Sorry, Oaklanders: CUESA Executive Director Marcy Coburn can't promise to give Jack London Square its very own Goatchella. But there are plenty other positive developments on offer now that CUESA (Center for Urban Education about Sustainable Agriculture) has taken over the management of Jack London Square's weekly farmers' market, held year-round on Sundays from 9AM to 2PM.
This Sunday, Oct. 30, CUESA is throwing a free Harvest Festival, rain or shine, to celebrate the seasonal bounty of the market's 40-plus vendors.
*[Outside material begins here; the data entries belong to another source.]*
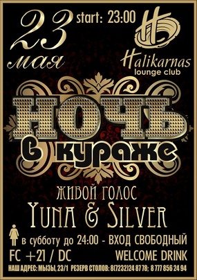 В эту субботу в самом веселом месте loungе club Halikarnas самая роскошная, заряженная позитивом «Ночь в кураже» любимая музыка, авторская шоу программа!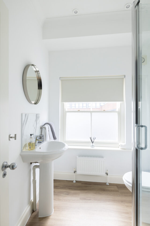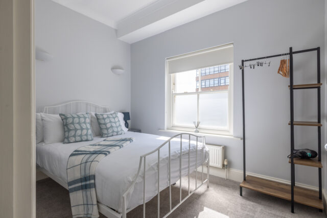 Just off the living room is a minimal white bathroom with a walk-in shower. A good-sized bedroom is at the back of the accommodation with space to hang your clothes.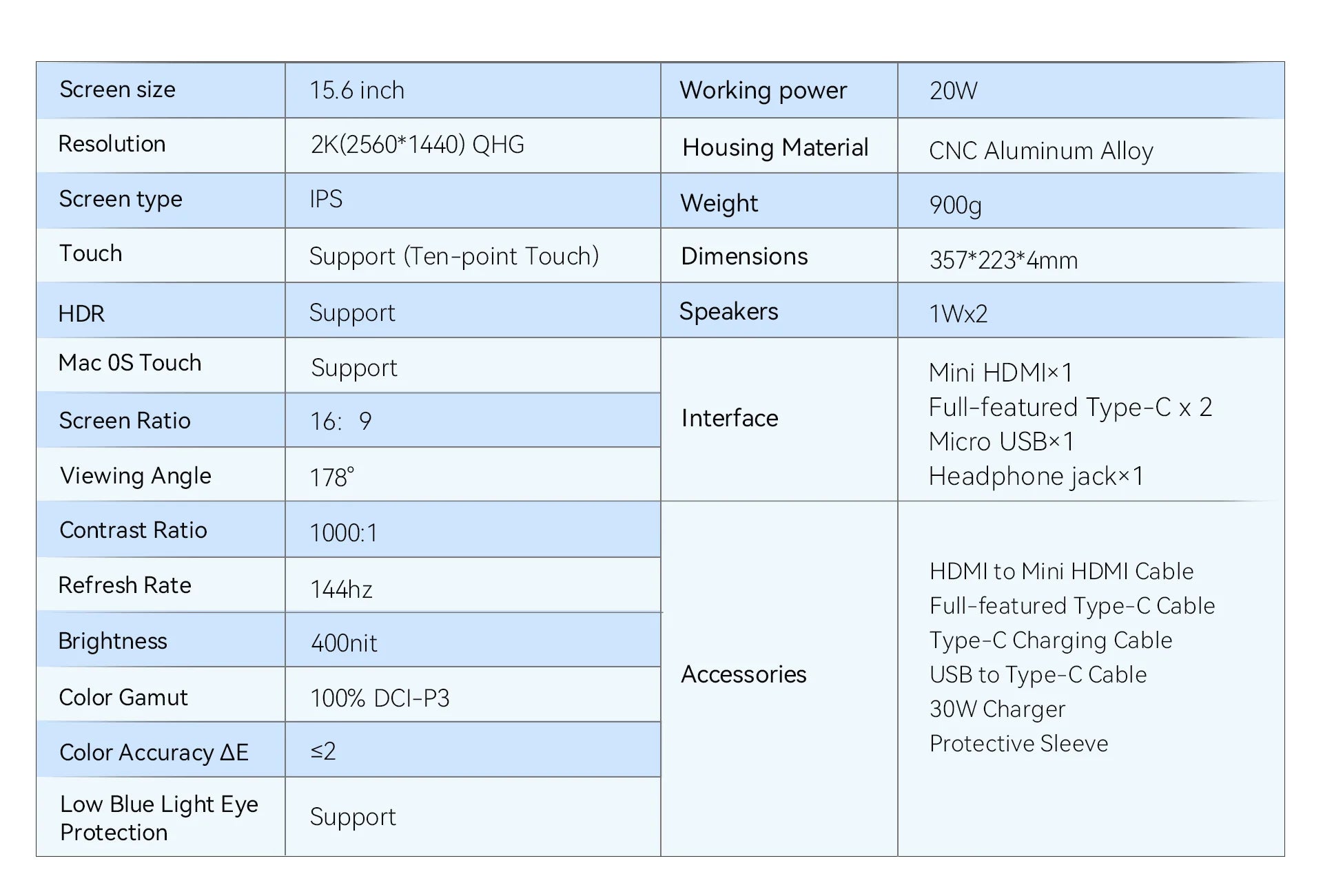 This ultra-thin and lightweight 15.6" portable monitor, featuring a 2K high resolution, enhances productivity and entertainment by extending screen real estate for diverse applications.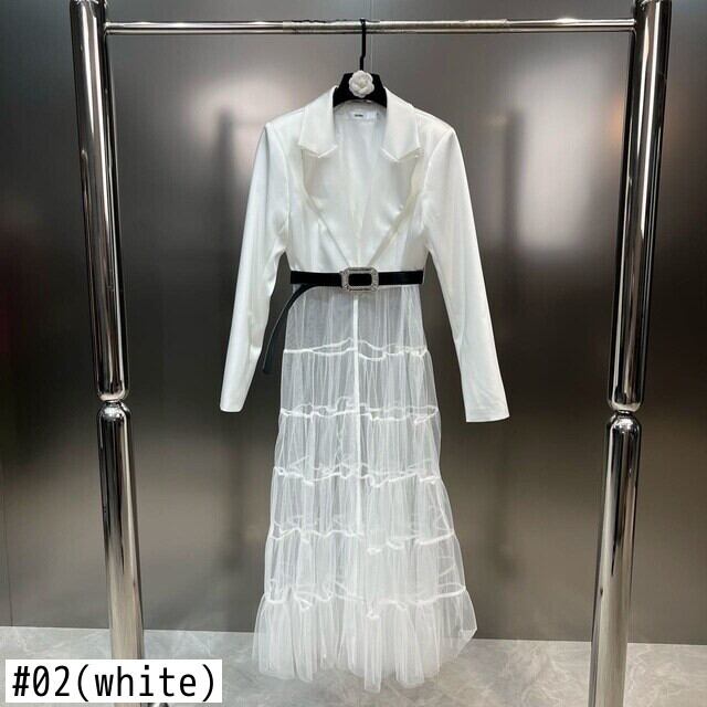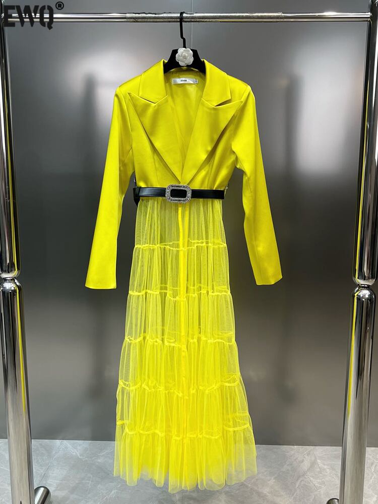 [EWQ] メッシュスプライシングレースアップドレス長袖ガーゼ無地パッチワークドレス春夏 Vestido 034 ロング スプリング 春物 サマー 夏物 ソリッドカラー

It will be a pumpkin-filled debutante party trumpeting the market's new management to those in the neighborhood who may not have noticed, and to encourage East Bay denizens from all over to make the waterside trek to check it out.
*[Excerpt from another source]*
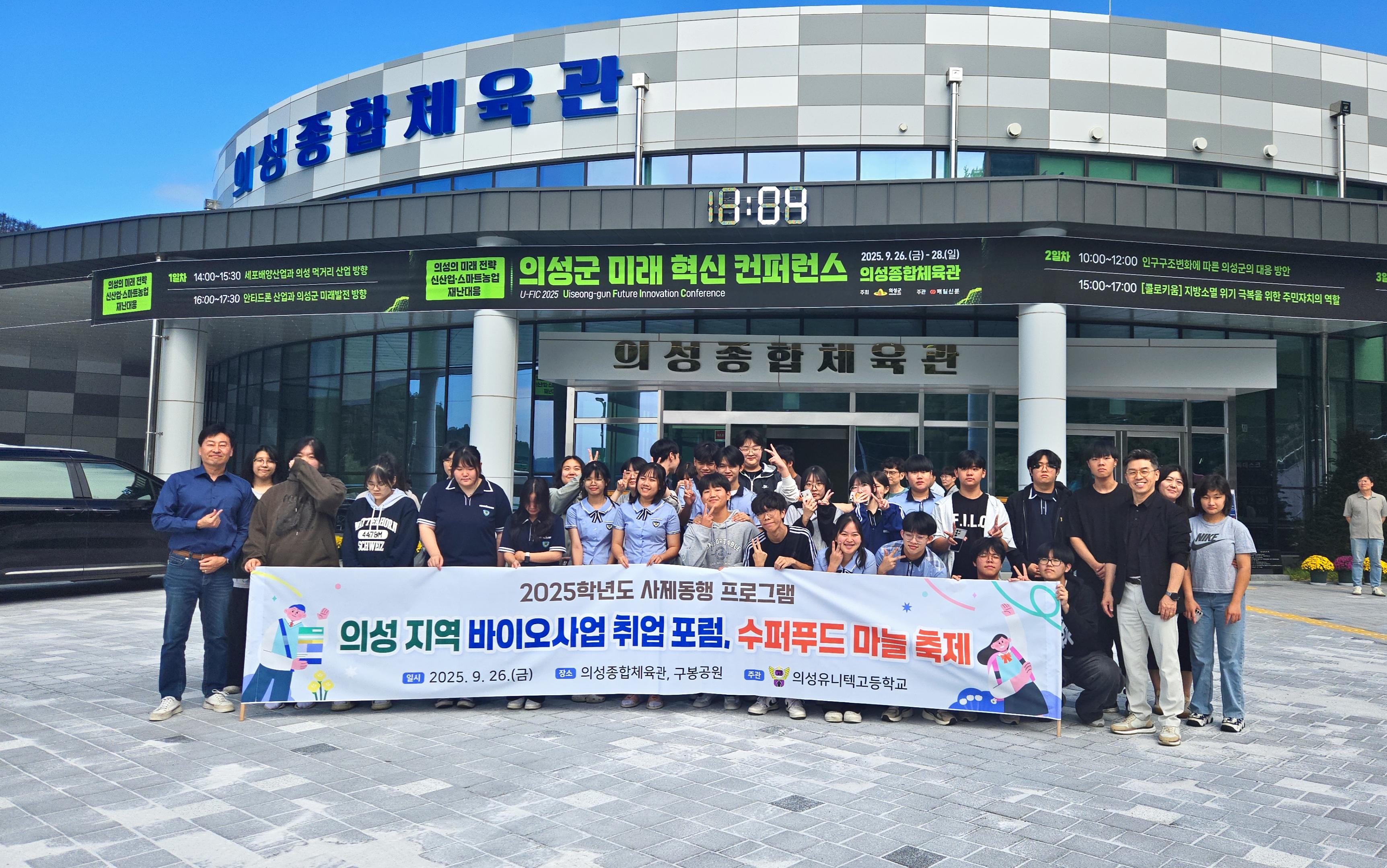 의성유니텍고등학교(교장 민재병)는 9월 26일 금요일, 2025년 사제동행 프로그램의 하나로 ‘의성 신 바이오산업 포럼’과 ‘수퍼푸드 마늘축제’에 참여하여 지역과 함께 성장하는 교육 활동을 펼쳤다. 이번 행사는 교사와 학생 간의 유대감을 강화하고, 학생들이 의성 지역에 대한 깊이 있는 이해를 바탕으로 지역 발전에 이바지하며 정주할 수 있는 인재로 성장하도록 지원하기 위해 마련되었다.

The Harvest Festival--which will happen even if umbrellas are necessary--has lots of kid-friendly things, from mini-pumpkin decorating to DIY apple cider pressing and seed ball making. There's even a pie contest judged by the likes of Mani Niall, chef-owner of Sweet Bar Bakery, Margo True, food editor of Sunset magazine, and Meg Ray, owner of Miette, among others.
Recently, we caught up with Coburn to find out what CUESA is bringing to the market, now that they've been in charge since May 2016. Previously, the market had been run by the Pacific Coast Farmers Market Association, which runs over 60 markets around the Bay Area. But when ownership of the Jack London Square development changed hands this year, there was a mutual reaching out between the CIM Group, the new owners, and the staff at CUESA, to discuss a partnership.
For CUESA, it was a strategic step, part of a long-range plan of slow but thoughtful growth beyond the Ferry Plaza Farmers Market, the widely renowned market that has drawn locals and tourists alike to the eastern edge of the City since 1993. The Jack London Square farmers market has an even longer history--a farmers market has been in operation there for 28 years, but it remains a much lesser known market than, say, the Temescal, Grand Lake, or Old Oakland markets, which collectively draw the largest Oakland crowds.